I'll gladly give you my kernel config or whatever you need to reproduce.
------- Comment #18 From 2005-04-05 07:33:09 -------
yes attached all the kernel config any logs to help debug this. this patch 
should work fine on 1.0.2 i dont know why you getting the failing while 
patching. just make sure you get plain 1.0.2 and disable led. also try load 
the driver by . load. dont install the driver and just load it from where you 
build it
------- Comment #19 From 2005-04-06 00:29:29 -------
Created an attachment (id=331) [details]
Linux-2.6.11-gentoo-r1-kernelconfig

Hi Mohamed,

I've attached the Kernel config. The wireless has been more stable the last few
days - not so much need for my fixwlan.pl script :) - some days its bad, some
days it's not. Yesterday - it totally went bananas - had link - but no
connectivity, and I couldn't get on the WLAN with another machine, until I
removed the driver (rmmod ipw2200) from the box. I rebooted and it worked fine
again. Just re-inserting the driver didn't help.

I have a few questions:
1) How do I disable led? (what is led? a led is AFAIK a small light-diode :)
2) what do you mean by I need to . load the driver? I load it by doing:
modprobe ipw2200
3)I untarred the ipw2200-1.0.2.tgz (md5:a6974b0b7399a53fe497b68bd2fca10a) and
did: cat patchfile | patch -p1 (when in the ipw2200-1.0.2 dir) and the patch
fails as described. We seem to be working on different 1.0.2 release versions?
------- Comment #20 From 2005-04-07 12:00:03 -------
actauly you can use pre 1.0.3 from ketrenos and try i out. by defaul led is 
disabled so if you never enable then you dont have t worry about led.
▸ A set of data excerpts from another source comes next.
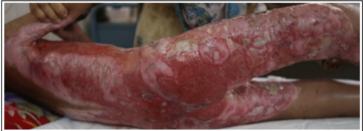
Fig.2: Partially Healed Lesion of Eczema Herpeticum with super added Bacterial infection seen as purulent discharge.

skin eruptions, malaise, lymphadenitis), treatment protocols (duration of acyclovir, healing of eruptions, need of blood transfusions) and outcome (wound healing time, length of hospital stay, contractures, re-activation of EH and/or mortality).
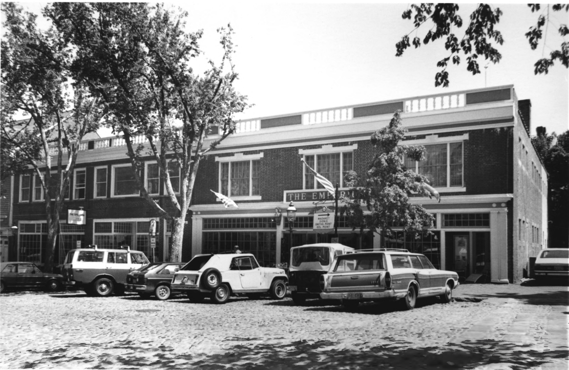
Photograph #6: Wing Block on Main Street
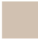
SWS14 Dolphin Grey
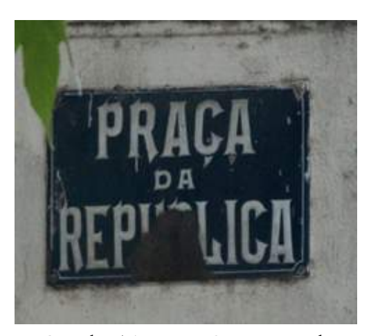
Figure 3. Coimbra Toponym Signage on a brass plate. Source: © Santos, (2014).
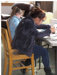
Sewing school bags
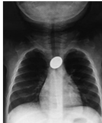
Figure 1. Foreign body in the 2nd narrowing of the esophagus in the chest X-ray.

ICU, upon decreasing the oxygen saturation, fever, continuing leakage in the control esophagography, it was decided to surgery. During the right-lateral thoracotomy, an approximately 2.5-cm-long full-thickness defect of the oesophagus was observed and repaired primarily. On postoperative day 14,
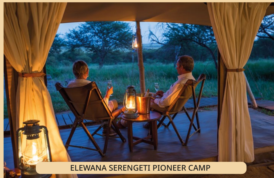
ELEWANA SERENGETI PIONEER CAMP
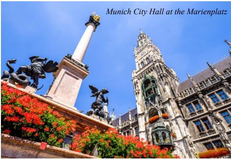
Munich City Hall at the Marienplatz
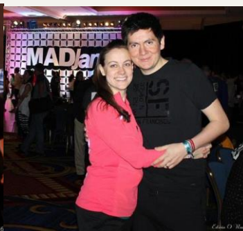
Best oopsie moment of the weekend!
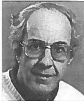
Henri J.M. Nouwen

Copies of the paperback book (for purchase) and the reflection guide (free) will be available at the first meeting on Sunday, April 6, at 1:30 p.m. in the multipurpose room of the parish center. Child care will be provided for this meeting and for the public lecture on May 4 at 1:30 p.m.
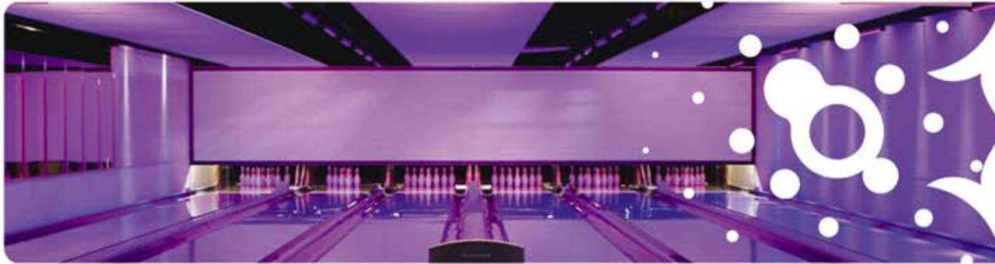
Lanes at Kingpin Darling Harbour
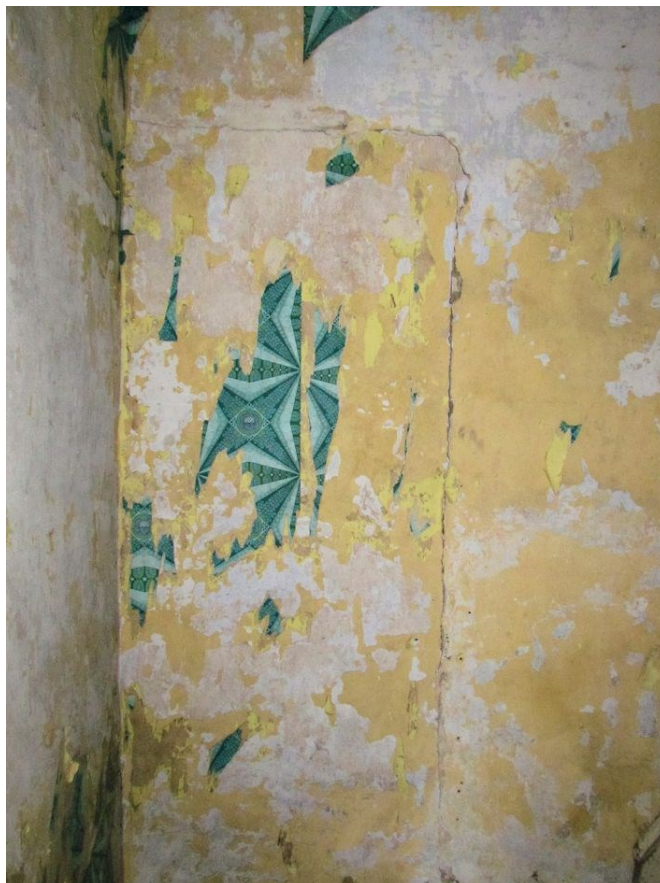
Infilled Doorway in Room 14
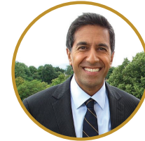
Dr. Sanjay Gupta WHF 1997–98 Chief Medical Correspondent, CNN
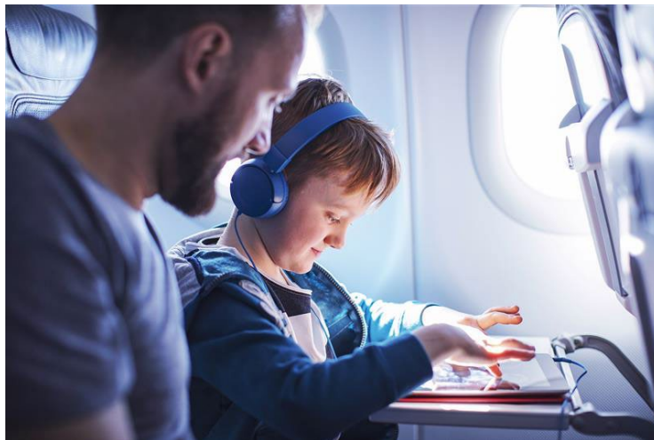
In-flight Wi-Fi Usage Image

To provide in-flight Wi-Fi service available over Japan for airlines in Japan and across Asia, the “Superbird-C2” satellite will be repositioned from its current orbital location at 144°E to a new orbital slot. The service is scheduled to begin this winter.

What I 
ment by . load is after you compile your ipw2200 driver dont run
#make install 
instead load the driver from the directory whre you build it
#. load debug=0x43FFF
load is a script in the ipw2200 directory, just make sure to uninstall the old 
ipw2200 driver
#make uninstall 
before you build and install the new driver.
------- Comment #21 From 2005-04-07 12:11:22 -------
I would gladly test 1.0.3-pre.. but the code is not in CVS at SF - and I can't
find ketronos homepage (I presume you mean James Ketrenos - I googled :) - so I
don't know where I can find snapshots of 1.0.3 - or the CVS repository.
------- Comment #22 From 2005-04-11 23:40:53 -------
please verify on 1.0.3
------- Comment #23 From 2005-04-12 00:14:58 -------
I'm sorry I haven't had time to test it - I've moved my location a bit, and
since then it has been a lot more stable, rarely failing.

Still running 1.0.1 with patch though.

I'll test the latest prerelease this week.
------- Comment #24 From 2005-04-21 10:02:39 -------
I finally (sorry for the delay) got to test 1.0.3 - it works without patching,
but it seems to be more unstable.

sometimes I get the firmware error when the connection goes down - but sometimes
I don't - and then I have to rmmod the ipw2200 module, and modprobe it again :(
This didn't happen with 1.0.1 version.

My fixwlan.pl script serves me well - but does not work in the second situation,
where it simply dies (it says unassociated and keeps the link quality to
something that looks valid, but the connection is dead).

I'll gladly test any debugging patch or whatever you'd like me to try.

None of you have this problem when running adhoc - or do you simply not have an
adhoc network to test in?
------- Comment #25 From 2005-04-28 07:28:04 -------
From scrub:
Might be useful to get a firmware dump for 1.0.3 since Mohamed fixed some state
machine race conditions since 1.0.2. That could have changed the root cause of
the error.
------- Comment #26 From 2005-06-05 17:40:39 -------
Hi Mohamed,

Did the firmware fatal patch - http://bughost.org/bugzilla/attachment.cgi?
id=327 - refered to in bug #592 ever make it to version 1.0.4?

I'm wondering whether to ask submitter to retest 1.0.4, or whether to first 
apply the patch to it.
------- Comment #27 From 2005-07-13 13:30:29 -------
According to Mohamed, the firmware fatal patch
http://bughost.org/bugzilla/attachment.cgi?id=327 that was refered to in bug
#592 has been in since 1.0.4.

Klavs, can you please retest with latest version (1.0.5), and provide dmesg
output at debug level 0x43fff.
------- Comment #28 From 2005-11-04 20:29:26 -------
Request testing with latest version and/or close.
------- Comment #29 From 2005-12-07 15:21:10 -------
Presuming fixed in 1.0.8; if not, reopen.